Core 1: FP in Stdlib – itertools, functools, operator, pathlib¶

Module 09

Core question:
How do you use Python's stdlib modules like itertools, functools, operator, and pathlib to build functional pipelines, enhancing composability, purity, and expressiveness without external dependencies in FuncPipe?

In this core, we explore functional programming patterns in Python's standard library for the FuncPipe RAG Builder (now at funcpipe-rag-09). We focus on itertools for iterator transformations (e.g., chain, groupby, tee, accumulate, filterfalse, compress, takewhile/dropwhile), functools for higher-order functions like partial, reduce, and lru_cache (with gotchas like mutable defaults and cache purity), operator for functional operators (e.g., itemgetter, attrgetter, methodcaller to avoid lambdas), and pathlib for immutable path handling with functional ops (e.g., glob, read_text, PurePath for no-IO paths). These tools enable pure, composable data flows, integrating with prior modules' lazy streams and monadic patterns. We refactor RAG stages to use stdlib-only FP, verifying equivalence and laws like associativity for compositions (with preconditions for associative operators). No external libs are used, ensuring portability; we highlight sharp edges like groupby requiring sorted input and tee memory traps.

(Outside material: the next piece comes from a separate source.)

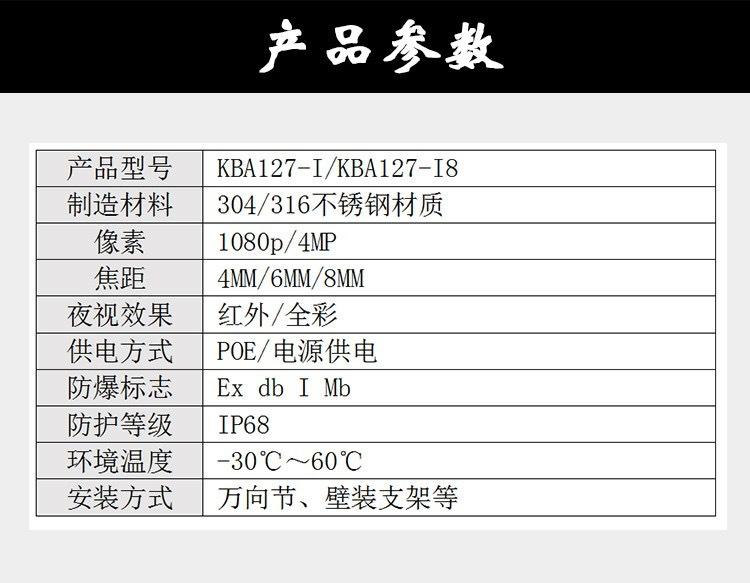 Cámara de seguridad intrínseca para minas Cámara de fibra óptica ignífuga Cámara de vigilancia KBA12 Cámara HD

Motivation Bug: Relying on custom combinators or external libs like toolz leads to dependency bloat and portability issues; stdlib FP provides built-in, battle-tested alternatives for core patterns.

Delta from Module 08: Async flows add concurrency; stdlib FP grounds patterns in core Python for broader applicability.

Stdlib FP Protocol (Contract, Entry/Exit Criteria): - Composability: Functions like chain, partial return callables/iterables that chain without side effects. - Purity: Use pure ops (e.g., map with lambda); avoid mutating inputs; note functools.partial avoids mutable defaults; lru_cache preserves purity for pure funcs. - Laziness: Prefer generators (islice, map) over lists; tee duplicates iterators safely if consumed carefully (bounded skew required to avoid memory exhaustion). - Semantics: Laws like reduce associativity hold if operator is associative; verified via properties with preconditions. - Integration: Replace custom combinators with stdlib equivalents in RAG. - Mypy Config: --strict, with Callable typing.

Audience: Engineers building FP pipelines who want stdlib-only solutions for composability without external deps.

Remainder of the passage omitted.